US 11,907,306 B2
Systems and methods for classifying documents
Aaron Attar, Dallas, TX (US)
Assigned to CAPITAL ONE SERVICES, LLC, McLean, VA (US)
Filed by Capital One Services, LLC, McLean, VA (US)
Filed on Jan. 4, 2022, as Appl. No. 17/568,004.
Prior Publication US 2023/0214428 A1, Jul. 6, 2023
Int. Cl. G06F 16/906 (2019.01); G06F 16/93 (2019.01); G06V 10/82 (2022.01); G06V 30/18 (2022.01); G06V 30/19 (2022.01); G06V 30/418 (2022.01); G06V 30/14 (2022.01); G06V 30/413 (2022.01)
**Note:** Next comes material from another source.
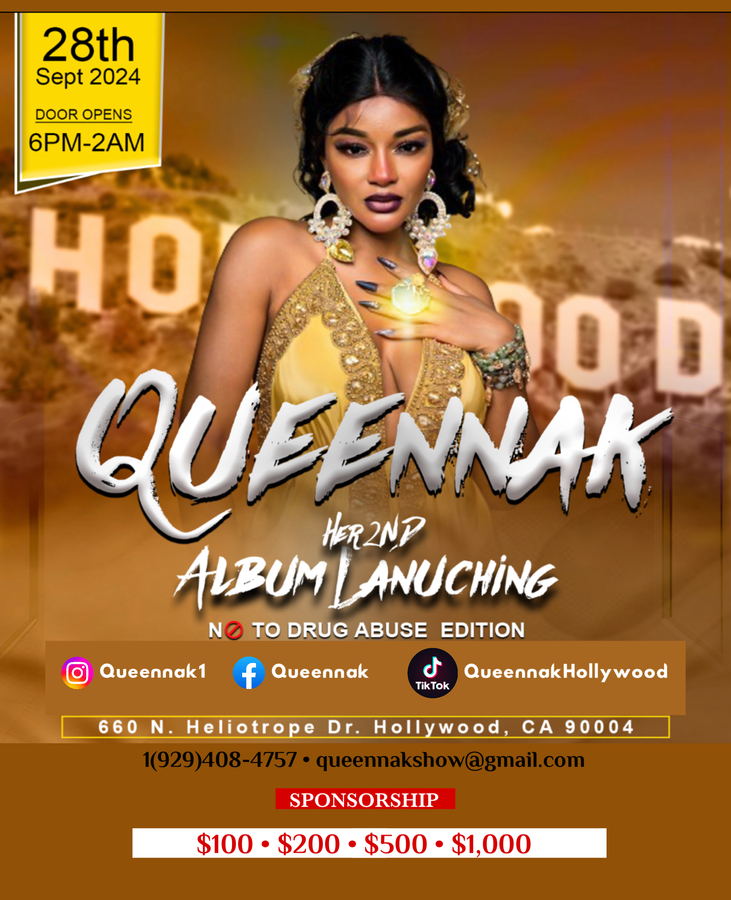 Join us for Queennak's highly anticipated second album launch concert, themed "No To Drug Abuse Edition." This exclusive event will take place in the heart of East Hollywood and promises an unforgettable evening of music, entertainment, and networking opportunities. We are excited to offer various sponsorship packages and promotions that will not only enhance your concert experience but also provide valuable exposure for your business or organization. Read on to learn more about each package and how you can be a part of this exceptional event.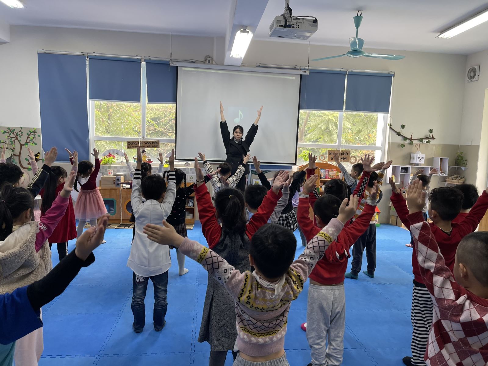 Cuối cùng, cô và trẻ cùng hồi tĩnh, làm chim bay nhẹ nhàng trong lớp

CPC G06F 16/906 (2019.01) [G06F 16/93 (2019.01); G06V 10/82 (2022.01); G06V 30/14 (2022.01); G06V 30/18 (2022.01); G06V 30/19 (2022.01); G06V 30/413 (2022.01); G06V 30/418 (2022.01)] 20 Claims
OG exemplary drawing
 
1. A system comprising:
one or more processors; and
a memory in communication with the one or more processors and storing instructions that, when executed by the one or more processors, are configured to cause the system to:
receive a first single-page document;
iteratively, until a document type is identified:
scan a portion of the first single-page document, wherein the portion is a fraction of the first single-page document;
extract first text data from the portion of the first single-page document by performing optical character recognition (OCR) on the portion of the first single-page document; and
determine whether the document type is identified by, using a neural network (NN), determining whether the first text data corresponds to one or more document types of a plurality of document types based on one or more confidence thresholds, wherein the portion of the first single-page document scanned increases by a predetermined amount each iteration, the predetermined amount being dynamically updated each iteration by:
determining whether a predefined amount of empty space is identified within the portion of the first single-page document;
responsive to determining the predefined amount of empty space is identified within the portion of the first single-page document, increasing the portion of the first single-page document scanned by a second predetermined amount each iteration until second text data is identified; and responsive to the second text data being identified, automatically reverting to scanning the first single-page document based on an initial predetermined amount with each iteration; and
responsive to determining the first text data corresponds to the one or more document types based on the one or more confidence thresholds, cause a graphical user interface (GUI) of a user device to display a first notification indicating a first document type match.